- Work task: Reproduce, exactly and in full, the lines from the one with "1990年頃の沼津駅前。西武" through the one with "Custom Kelly Green" in the data below; drop pictures.

- Provided data:
* * *

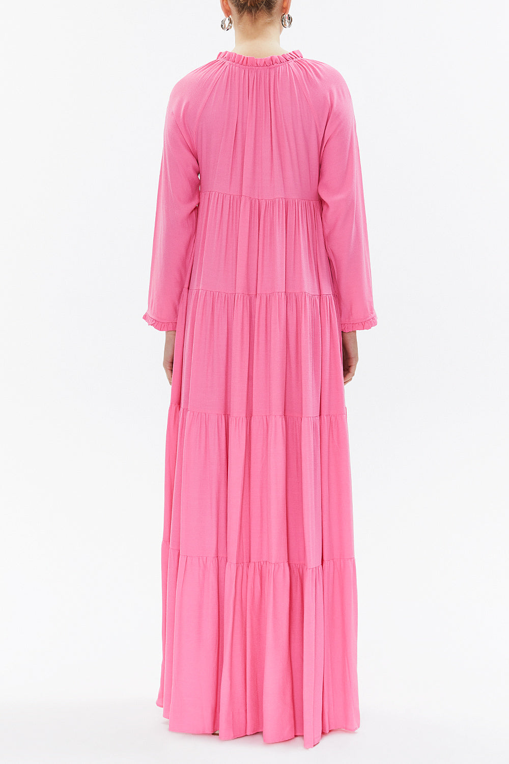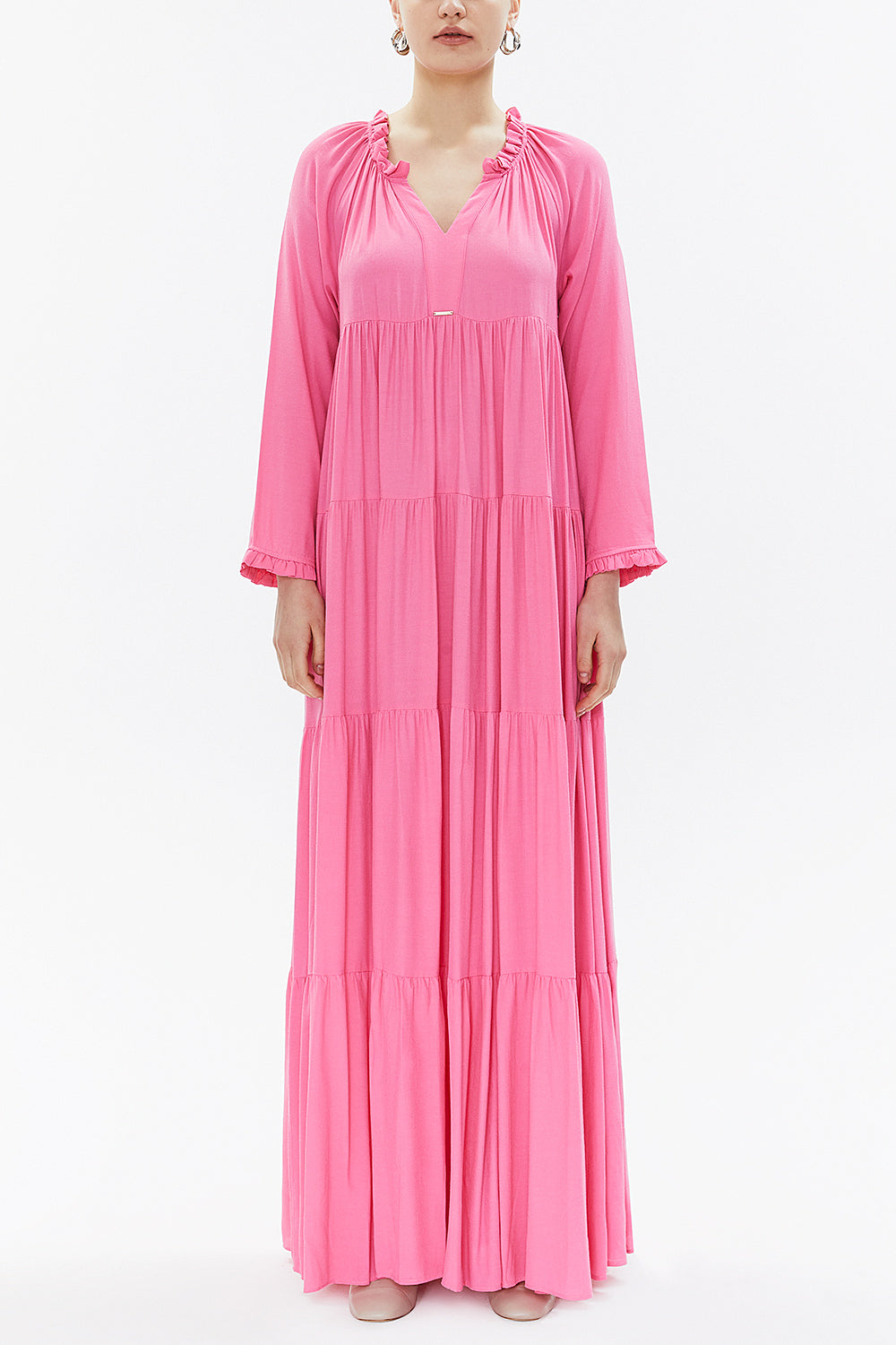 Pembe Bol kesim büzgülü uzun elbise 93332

* * *

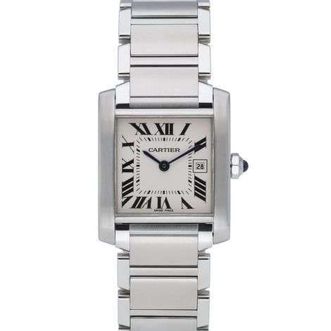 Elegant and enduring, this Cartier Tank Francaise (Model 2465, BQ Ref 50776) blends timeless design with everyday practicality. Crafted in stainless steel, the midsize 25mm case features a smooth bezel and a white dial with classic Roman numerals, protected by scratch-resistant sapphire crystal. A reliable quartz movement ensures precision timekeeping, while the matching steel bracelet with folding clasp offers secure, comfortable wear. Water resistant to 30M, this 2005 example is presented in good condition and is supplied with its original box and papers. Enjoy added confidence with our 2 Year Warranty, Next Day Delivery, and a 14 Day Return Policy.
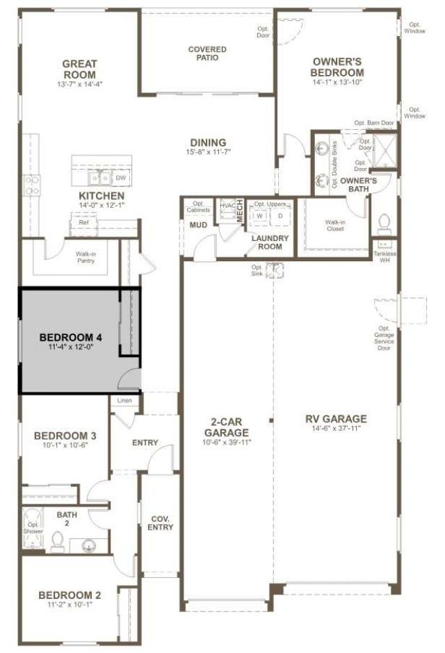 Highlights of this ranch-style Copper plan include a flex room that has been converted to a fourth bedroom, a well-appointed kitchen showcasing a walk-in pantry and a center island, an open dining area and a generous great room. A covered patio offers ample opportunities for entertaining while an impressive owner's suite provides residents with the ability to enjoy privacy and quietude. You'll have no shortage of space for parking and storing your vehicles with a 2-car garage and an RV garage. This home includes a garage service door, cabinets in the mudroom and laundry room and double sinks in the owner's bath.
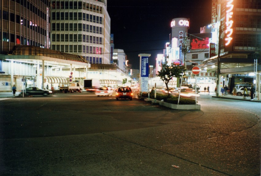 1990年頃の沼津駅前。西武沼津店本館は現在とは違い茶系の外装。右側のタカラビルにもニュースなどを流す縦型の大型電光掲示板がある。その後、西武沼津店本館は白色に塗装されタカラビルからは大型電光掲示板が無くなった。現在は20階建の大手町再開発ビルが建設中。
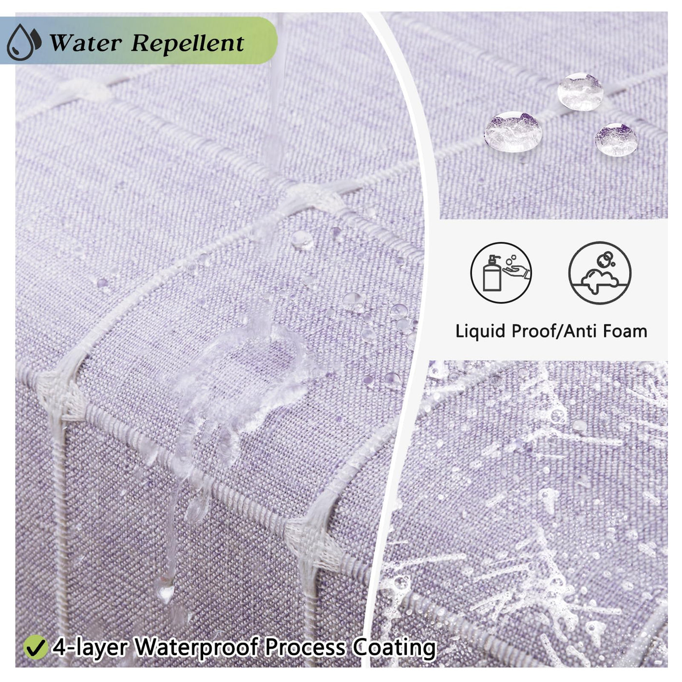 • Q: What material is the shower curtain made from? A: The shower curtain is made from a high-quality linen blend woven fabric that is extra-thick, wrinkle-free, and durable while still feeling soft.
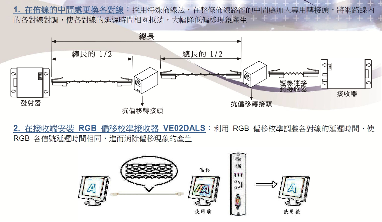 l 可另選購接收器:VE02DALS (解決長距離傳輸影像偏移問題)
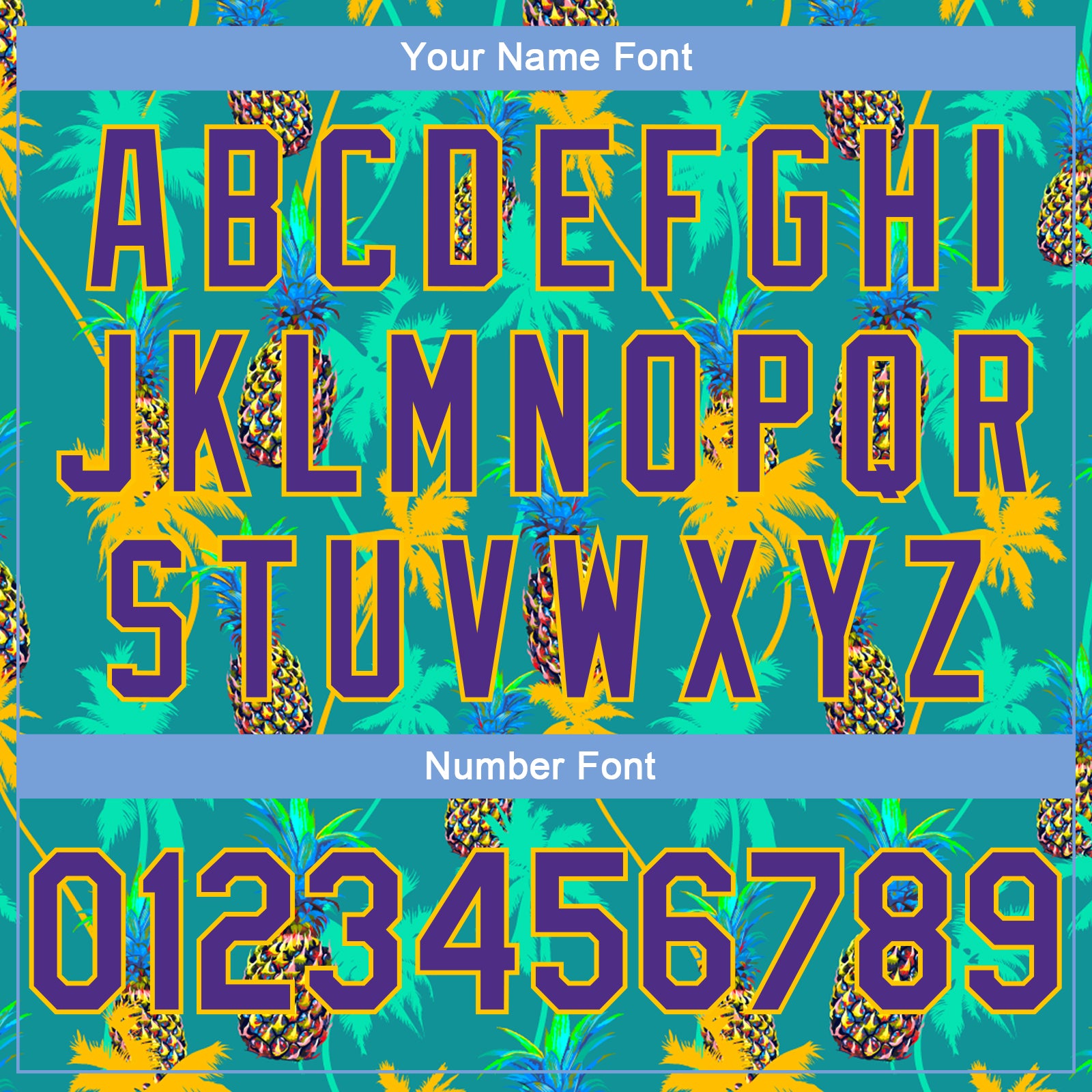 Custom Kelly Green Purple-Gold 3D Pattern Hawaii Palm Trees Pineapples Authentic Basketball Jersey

* * *

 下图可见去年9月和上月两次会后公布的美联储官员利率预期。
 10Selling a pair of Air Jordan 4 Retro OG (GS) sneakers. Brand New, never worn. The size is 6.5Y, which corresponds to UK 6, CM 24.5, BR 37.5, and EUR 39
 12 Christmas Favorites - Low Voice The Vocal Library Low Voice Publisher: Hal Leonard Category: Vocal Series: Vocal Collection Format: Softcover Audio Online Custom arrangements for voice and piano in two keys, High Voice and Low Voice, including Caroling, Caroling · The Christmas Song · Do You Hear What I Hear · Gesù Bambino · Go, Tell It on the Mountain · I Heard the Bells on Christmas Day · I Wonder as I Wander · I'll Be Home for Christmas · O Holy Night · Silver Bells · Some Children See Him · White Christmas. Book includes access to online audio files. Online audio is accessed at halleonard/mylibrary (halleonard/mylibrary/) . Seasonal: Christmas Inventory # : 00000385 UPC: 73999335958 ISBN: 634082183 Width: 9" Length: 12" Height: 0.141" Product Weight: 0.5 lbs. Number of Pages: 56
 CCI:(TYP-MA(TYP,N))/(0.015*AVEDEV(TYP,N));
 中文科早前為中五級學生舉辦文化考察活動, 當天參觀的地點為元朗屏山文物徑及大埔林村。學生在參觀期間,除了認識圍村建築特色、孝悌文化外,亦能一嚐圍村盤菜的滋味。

* * *

- Your response:
 1990年頃の沼津駅前。西武沼津店本館は現在とは違い茶系の外装。右側のタカラビルにもニュースなどを流す縦型の大型電光掲示板がある。その後、西武沼津店本館は白色に塗装されタカラビルからは大型電光掲示板が無くなった。現在は20階建の大手町再開発ビルが建設中。
 • Q: What material is the shower curtain made from? A: The shower curtain is made from a high-quality linen blend woven fabric that is extra-thick, wrinkle-free, and durable while still feeling soft.
 l 可另選購接收器:VE02DALS (解決長距離傳輸影像偏移問題)
 Custom Kelly Green Purple-Gold 3D Pattern Hawaii Palm Trees Pineapples Authentic Basketball Jersey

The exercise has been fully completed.